▸ PROBLEM STATEMENT:
Could you copy exactly the lines below, beginning at the line with "Nadat wij dit" and stopping after the line with "- Zeytinyağını bir", with no pictures?

▸ INPUT FOR THIS TASK:
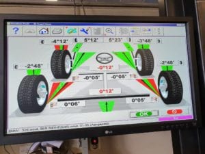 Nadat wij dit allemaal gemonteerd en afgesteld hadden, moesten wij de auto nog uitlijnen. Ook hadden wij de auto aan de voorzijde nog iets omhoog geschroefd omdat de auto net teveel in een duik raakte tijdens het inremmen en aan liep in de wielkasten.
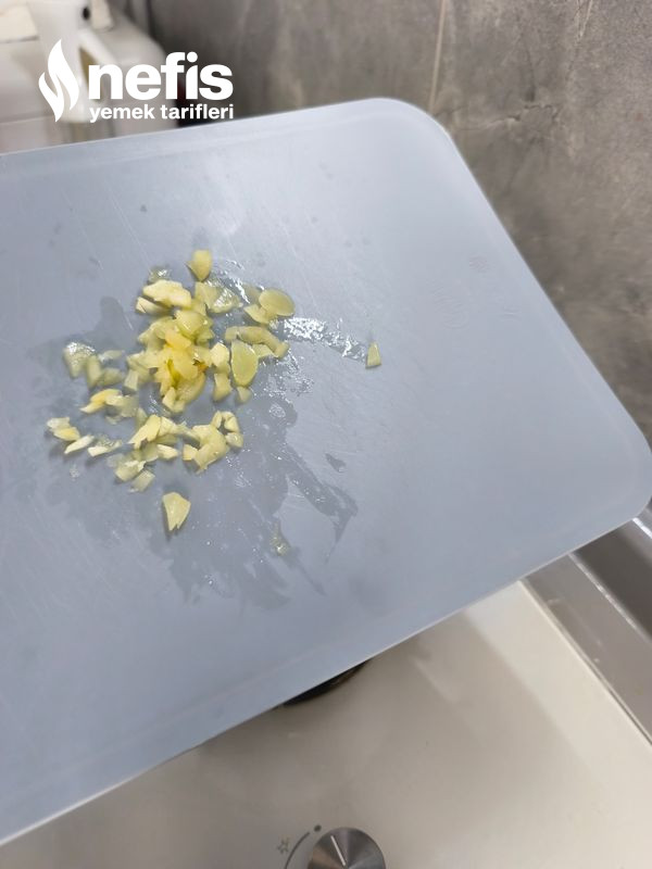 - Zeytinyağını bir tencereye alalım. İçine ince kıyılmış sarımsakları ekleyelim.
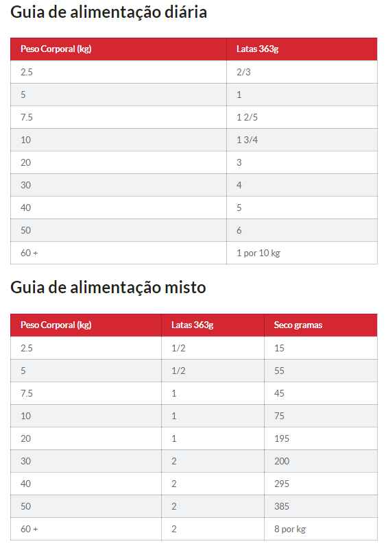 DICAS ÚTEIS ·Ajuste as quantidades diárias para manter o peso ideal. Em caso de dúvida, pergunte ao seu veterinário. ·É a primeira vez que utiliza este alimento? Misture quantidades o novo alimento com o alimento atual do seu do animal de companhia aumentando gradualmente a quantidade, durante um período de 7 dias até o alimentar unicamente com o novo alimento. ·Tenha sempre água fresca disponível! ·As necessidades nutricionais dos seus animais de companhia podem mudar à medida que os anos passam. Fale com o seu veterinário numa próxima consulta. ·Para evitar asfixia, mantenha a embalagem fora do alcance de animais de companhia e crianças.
...
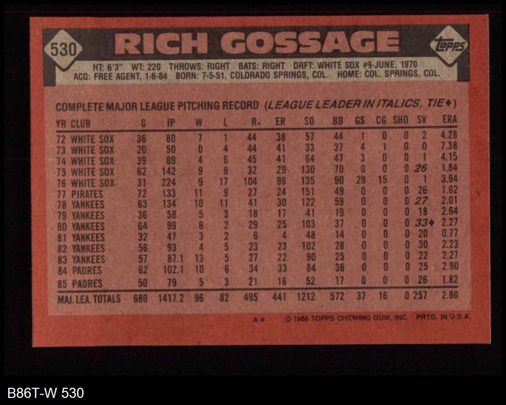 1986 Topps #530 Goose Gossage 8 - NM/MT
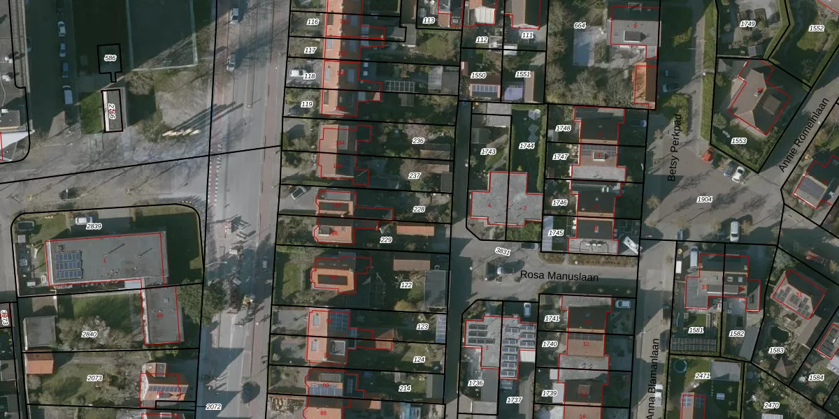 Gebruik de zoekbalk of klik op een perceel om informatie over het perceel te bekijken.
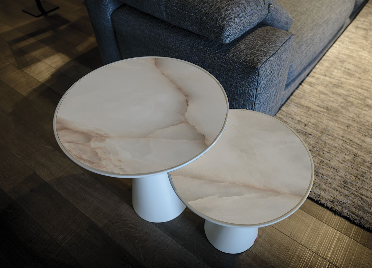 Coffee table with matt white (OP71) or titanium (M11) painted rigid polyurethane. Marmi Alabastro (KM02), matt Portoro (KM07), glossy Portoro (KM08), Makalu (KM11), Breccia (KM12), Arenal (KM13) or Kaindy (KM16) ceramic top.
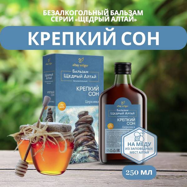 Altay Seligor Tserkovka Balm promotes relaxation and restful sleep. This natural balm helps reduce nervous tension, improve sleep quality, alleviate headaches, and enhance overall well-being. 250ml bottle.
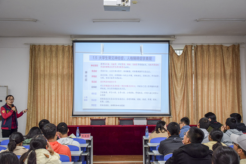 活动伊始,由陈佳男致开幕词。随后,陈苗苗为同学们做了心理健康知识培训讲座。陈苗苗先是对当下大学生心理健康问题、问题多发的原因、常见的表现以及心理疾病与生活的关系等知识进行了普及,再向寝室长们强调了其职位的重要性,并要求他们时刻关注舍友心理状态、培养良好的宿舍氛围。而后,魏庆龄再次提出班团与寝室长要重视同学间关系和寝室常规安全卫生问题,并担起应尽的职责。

▸ EXERCISE RESPONSE:
 Nadat wij dit allemaal gemonteerd en afgesteld hadden, moesten wij de auto nog uitlijnen. Ook hadden wij de auto aan de voorzijde nog iets omhoog geschroefd omdat de auto net teveel in een duik raakte tijdens het inremmen en aan liep in de wielkasten.
 - Zeytinyağını bir tencereye alalım. İçine ince kıyılmış sarımsakları ekleyelim.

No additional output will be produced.